Галл смотрит на нее с высоты своего роста и нехотя гудит:
– Идем Капито наказывать.
Эмма вцепляется ему в руку.
– Как? Как вы будете его наказывать?
Она окидывает взглядом гладиаторов и не может представить себе наказание, в котором бы потребовалось такое количество участников.
Галл тяжело вздыхает.
– Пойдем, сама увидишь, – предлагает он, и Эмма идет. Вместе с Галлом она выходит на арену, над которой успела сгуститься ночь. Чтобы отогнать темноту, по кругу зажжены факелы, и хорошо видно, что в центре возле столба установлен большой, в человеческий рост, деревянный крест, перевернутый в форме римской буквы Х. Эмма замечает Робина и бросается к нему.
– Робин, ты…
– Ты зачем здесь? – грубовато спрашивает Робин. На нем ничего нет, кроме легкого набедренника и сандалий, да и все мужчины вокруг тоже одеты минимально.
Эмма осекается.
– Я тоже гладиатор, – напоминает она. – Ты же говорил…
– Да-да, – машет рукой Робин. Он кажется очень занятым, и Эмма больше ни о чем его не спрашивает.
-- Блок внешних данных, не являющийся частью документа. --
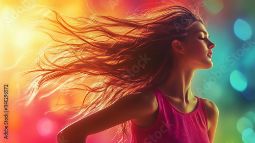 A dynamic photo of a girl flipping her shiny, flowing hair in motion, the strands creating a wave-like effect, captured in mid-air with a vibrant backdrop

Она видит, как гладиаторы образуют полукруг на арене. Ей тоже надо идти туда? Но никто не зовет, она остается на месте. Среди гладиаторов она видит также и Давида: он предельно серьезен, и смотрит ровно перед собой, будто о чем-то волнуется. Эмма отступает в тень, за колонну, и зачем-то хватается за нее руками, будто боится упасть.
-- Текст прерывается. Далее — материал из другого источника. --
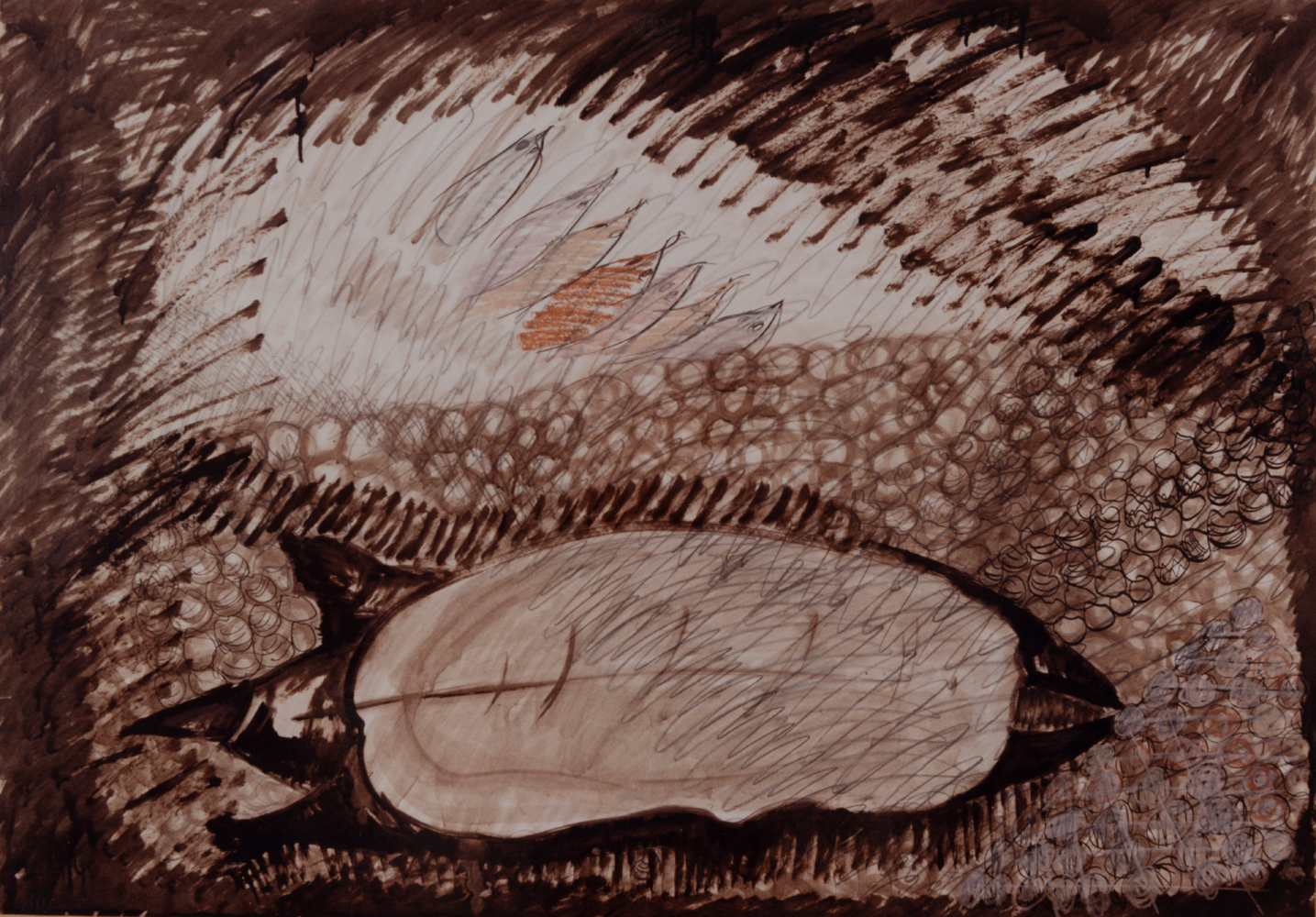 זפת קר, טרפנטין, טוש, עיפרון ופנדה

А потом приводят Капито. Приносят. Четверо гладиаторов тащат его, голого, держа за руки и за ноги, а он воет и пытается вырваться. Он крутит головой и дергается изо всех сил, Эмма замечает страх на его лице и невольно разделяет его эмоции, сама не понимая, почему. У нее принимаются дрожать руки и плечи, да и ноги чувствуют себя неважно. Наверное, нужно уйти, но Эмма заставляет себя остаться.
Они будут бить его, теперь уже понятно. Эмма не видит кнута или плетки, но разве долго ее достать. Капито привязывают к кресту и засовывают ему в рот кляп. Эмма так напряженно следит за ним, что не замечает, когда рядом снова оказывается Робин.
– Тебе лучше уйти, – предлагает он, но Эмма трясет головой.
– Нет, нет, я останусь.
Она не знает, зачем ей это. Но и находиться сейчас где бы то ни было она тоже не сможет, зная, что здесь происходит.
Робин смотрит на нее и пожимает плечами, а потом поворачивается в сторону арены и зло говорит:
– Некоторые рабы не должны оказываться на свободе. Интересно, что сказал бы Завоеватель на это?
И он кивает в сторону Капито.
Эмма быстро оборачивается к нему.
– Что ты знаешь про Завоевателя?
Ей почему-то кажется, что эта информация может быть важной.
Но Робину не до этого. Он оставляет Эмму и идет в центр арены, к кресту. Эмма видит, как он проверяет, надежно ли затянуты веревки на конечностях Капито, потом кивает и поворачивается к Давиду.
– Начинай, как будешь готов, – говорит он ему, и Давид кивает. Эмме хочется закрыть глаза. Капито на кресте извивается и все пытается посмотреть назад. У него выпученные, дикие глаза, на лбу вздулись вены: Эмма стоит достаточно близко, чтобы видеть это. А еще она видит другое, и это заставляет ее затаить дыхание в полнейшем изумлении и отвращении одновременно.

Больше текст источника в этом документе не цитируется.